To be sure: All through the boom years, there have always been those in India – and this is by no means a small group – who did not subscribe to the beautiful narrative of “India Shining”, the slogan with which the then governing Bharatiya Janata Party (BJP) went into the election campaign in 2004. Substantial groups of people have felt excluded from India’s growth, or at least felt that they were unable to participate sufficiently. As a consequence, the electorate removed the BJP from power in 2004. The United Progressive Alliance (UPA) coalition, led by the Congress Party under Prime Minister Manmohan Singh, re-elected in 2009, has continued a liberalizing economic reform policy (though it is widely seen to have come close to standstill in more recent times), while adding important social security programs to it. The most prominent of these are the National Rural Employment Guarantee Scheme (NREGS) which has been implemented since 2006, and the recent passing of the Food Security Bill of 2013, which will provide heavily subsidised food grains to 67 percent of the entire population.
Today, however, with general elections expected for April or May 2014, the entire Indian development path suddenly appears to be in crisis.
- There is an acute economic downturn: The GDP growth rate fell below 5%, the Indian Rupee lost 18% of its value against major foreign currencies since early 2013, and figures for manufacturing and foreign investment are going down.
- There is a widespread perception of political stagnation: The UPA government is tainted by large-scale corruption scandals, and it appears to have lost the capacity to drive reforms – as shown most markedly by the furious conflicts resulting from a 2012 legislation that allowed international multi-brand retailers (such as Walmart and Metro) to enter India’s retail trade.
- And there is more fundamental questioning of the direction of the Indian development and growth path. Has India’s economic growth been “inclusive”? Has it brought people out of poverty? And what type of development has growth - defined primarily as GDP growth - brought about?
The current economic downturn, brought about in part by international factors and affecting other BRICS economies as well, is likely to remain a temporary dent: Positive fundamentals of the Indian economy – such as its huge market size and the country’s youthful demographic structure – remain valid, and a new government in power from mid-2014 is likely to have greater capacity to make strong economic policy decisions. Thus it is very probable that the economy will recover from its current slump, though it remains open (and will depend on economic and social policies undertaken) whether it will return to the high GDP growth rates of earlier years.
“Growth Matters” vs. “Uncertain Glory”
The third question, however, is far more difficult to answer, and it is extensively debated in India today. India is a country with a strong debating culture, and the vast number of print and electronic media contains much commentary on this every day. Four of India’s leading economists recently published two books that are widely acknowledged to represent the two predominant positions in the ongoing big debate about development, growth and inequality in India.

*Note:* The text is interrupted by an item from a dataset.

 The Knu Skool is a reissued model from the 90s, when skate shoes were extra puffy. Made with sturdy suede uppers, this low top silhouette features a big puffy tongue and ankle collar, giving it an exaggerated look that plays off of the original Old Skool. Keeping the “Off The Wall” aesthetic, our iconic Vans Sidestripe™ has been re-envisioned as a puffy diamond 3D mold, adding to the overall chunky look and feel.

Jagdish Bhagwati and Arvind Panagariya take a liberal (some may call it “neo-liberal”) stance in arguing “Why Growth Matters”. They maintain that economic growth – measured by GDP – constitutes the foundation for any meaningful development and the reduction of poverty. Only on the basis of fast growth, they say, redistributive reforms for poverty alleviation and human capital / capacity building become viable.

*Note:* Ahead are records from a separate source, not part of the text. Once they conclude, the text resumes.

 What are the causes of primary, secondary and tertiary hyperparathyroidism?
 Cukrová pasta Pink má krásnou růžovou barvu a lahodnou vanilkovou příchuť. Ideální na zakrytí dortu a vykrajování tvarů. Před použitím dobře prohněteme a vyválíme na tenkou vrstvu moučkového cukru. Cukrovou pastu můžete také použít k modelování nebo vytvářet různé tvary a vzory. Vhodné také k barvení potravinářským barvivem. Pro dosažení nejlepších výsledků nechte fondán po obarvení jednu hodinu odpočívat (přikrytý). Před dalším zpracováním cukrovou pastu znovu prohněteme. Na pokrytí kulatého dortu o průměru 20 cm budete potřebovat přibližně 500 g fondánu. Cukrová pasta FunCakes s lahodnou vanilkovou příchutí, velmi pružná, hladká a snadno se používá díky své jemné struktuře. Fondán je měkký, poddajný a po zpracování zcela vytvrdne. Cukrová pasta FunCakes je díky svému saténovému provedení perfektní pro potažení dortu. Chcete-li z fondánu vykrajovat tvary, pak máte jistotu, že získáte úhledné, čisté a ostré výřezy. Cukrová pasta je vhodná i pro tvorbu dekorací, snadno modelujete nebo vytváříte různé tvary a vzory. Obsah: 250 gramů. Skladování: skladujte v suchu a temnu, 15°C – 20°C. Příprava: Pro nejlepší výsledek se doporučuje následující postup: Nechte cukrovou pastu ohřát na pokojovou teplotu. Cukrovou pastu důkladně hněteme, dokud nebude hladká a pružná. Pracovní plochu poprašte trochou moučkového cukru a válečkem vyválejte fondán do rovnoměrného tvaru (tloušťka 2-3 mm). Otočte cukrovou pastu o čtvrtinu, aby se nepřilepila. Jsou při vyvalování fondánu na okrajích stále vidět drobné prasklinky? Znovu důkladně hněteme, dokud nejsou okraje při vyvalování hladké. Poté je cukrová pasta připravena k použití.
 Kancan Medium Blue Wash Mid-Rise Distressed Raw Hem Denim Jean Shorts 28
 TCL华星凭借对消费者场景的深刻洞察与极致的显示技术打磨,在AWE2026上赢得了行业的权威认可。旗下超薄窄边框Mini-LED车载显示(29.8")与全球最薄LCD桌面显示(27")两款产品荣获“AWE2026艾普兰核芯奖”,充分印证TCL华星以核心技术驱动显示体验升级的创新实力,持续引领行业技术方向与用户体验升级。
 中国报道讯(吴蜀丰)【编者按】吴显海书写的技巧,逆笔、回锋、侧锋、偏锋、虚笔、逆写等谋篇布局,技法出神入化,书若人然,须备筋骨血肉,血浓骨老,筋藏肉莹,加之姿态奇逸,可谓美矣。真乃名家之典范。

Bhagwati & Panagariya argue that India’s economic growth since the 1990s has indeed substantially reduced poverty: The proportion of the poor population, according to Planning Commission figures, fell from 44.5 (1983) to 27.5 (2004-5) per cent; taking population growth during this period into account, they estimate that 187.5 million people have left the status of poverty (at least in its most extreme form) in the same period. Bhagwati & Panagariya then identify persistent impediments to India’s further growth: an inflexible labour legislation operating against the sizing-up of companies; the difficulties of land acquisition for public and private industries and housing; the poor state of public infrastructure, most dramatically so in the field of power supply.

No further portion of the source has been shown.